_RECORD SET_.
= Beginning of Section =
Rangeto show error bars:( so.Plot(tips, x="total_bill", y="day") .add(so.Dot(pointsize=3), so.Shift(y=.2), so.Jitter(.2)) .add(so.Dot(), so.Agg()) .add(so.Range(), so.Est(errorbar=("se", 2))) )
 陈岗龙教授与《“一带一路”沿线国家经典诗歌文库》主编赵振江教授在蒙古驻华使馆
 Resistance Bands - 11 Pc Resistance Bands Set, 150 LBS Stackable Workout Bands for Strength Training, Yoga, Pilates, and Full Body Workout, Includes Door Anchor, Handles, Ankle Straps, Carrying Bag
= End of Section =
= Beginning of Section =
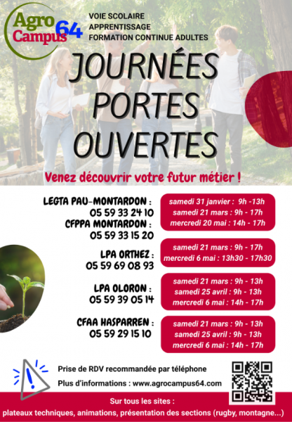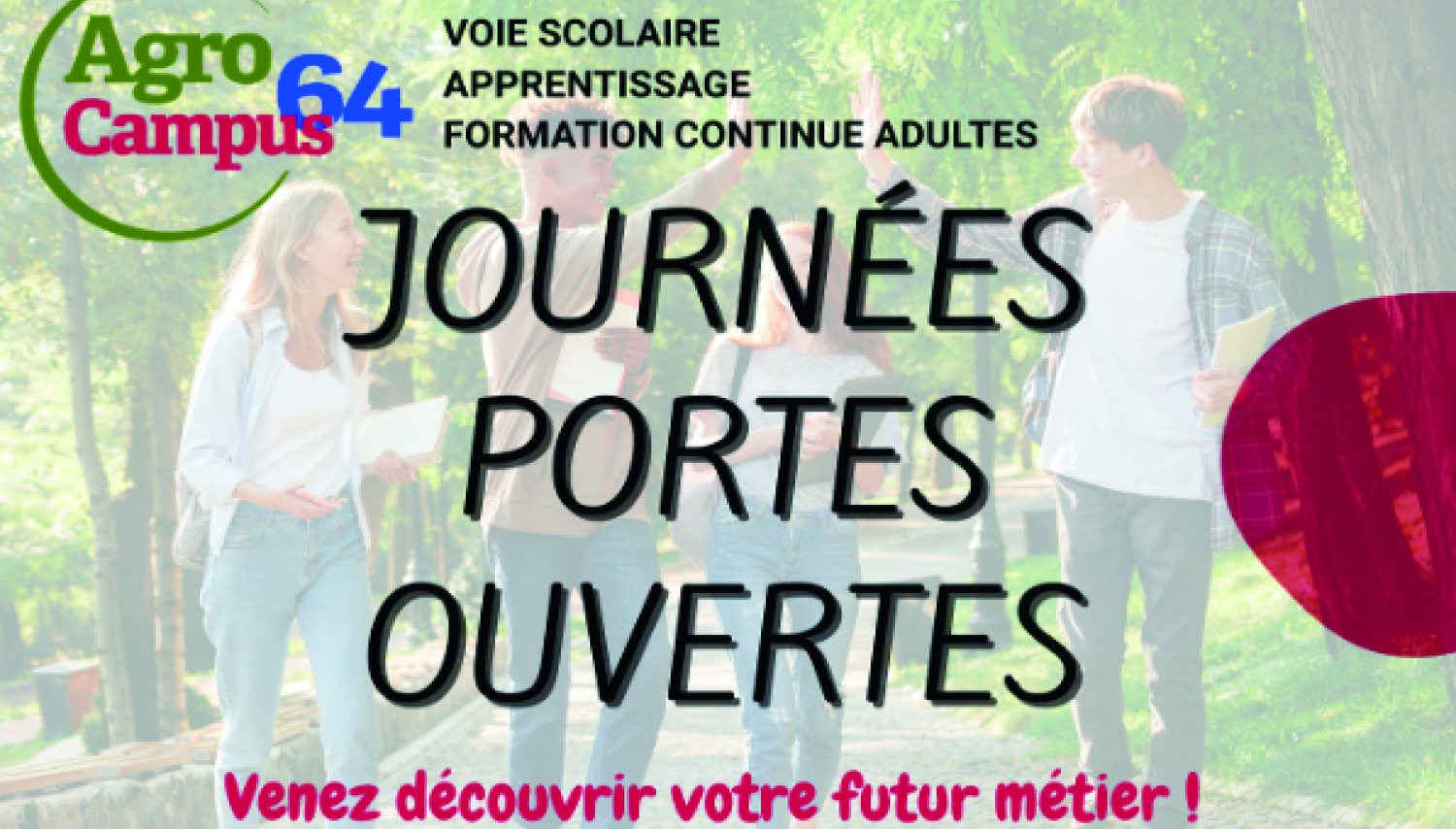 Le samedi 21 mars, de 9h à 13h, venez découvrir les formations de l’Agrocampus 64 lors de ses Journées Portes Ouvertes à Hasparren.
= End of Section =
_WHAT IS NEEDED_. Your reply is to repeat, unchanged, the lines above running from the one with "Rangeto show error" up to and including the one with "Resistance Bands - 11".

_ANSWER TO THIS TASK_.
Rangeto show error bars:( so.Plot(tips, x="total_bill", y="day") .add(so.Dot(pointsize=3), so.Shift(y=.2), so.Jitter(.2)) .add(so.Dot(), so.Agg()) .add(so.Range(), so.Est(errorbar=("se", 2))) )
 陈岗龙教授与《“一带一路”沿线国家经典诗歌文库》主编赵振江教授在蒙古驻华使馆
 Resistance Bands - 11 Pc Resistance Bands Set, 150 LBS Stackable Workout Bands for Strength Training, Yoga, Pilates, and Full Body Workout, Includes Door Anchor, Handles, Ankle Straps, Carrying Bag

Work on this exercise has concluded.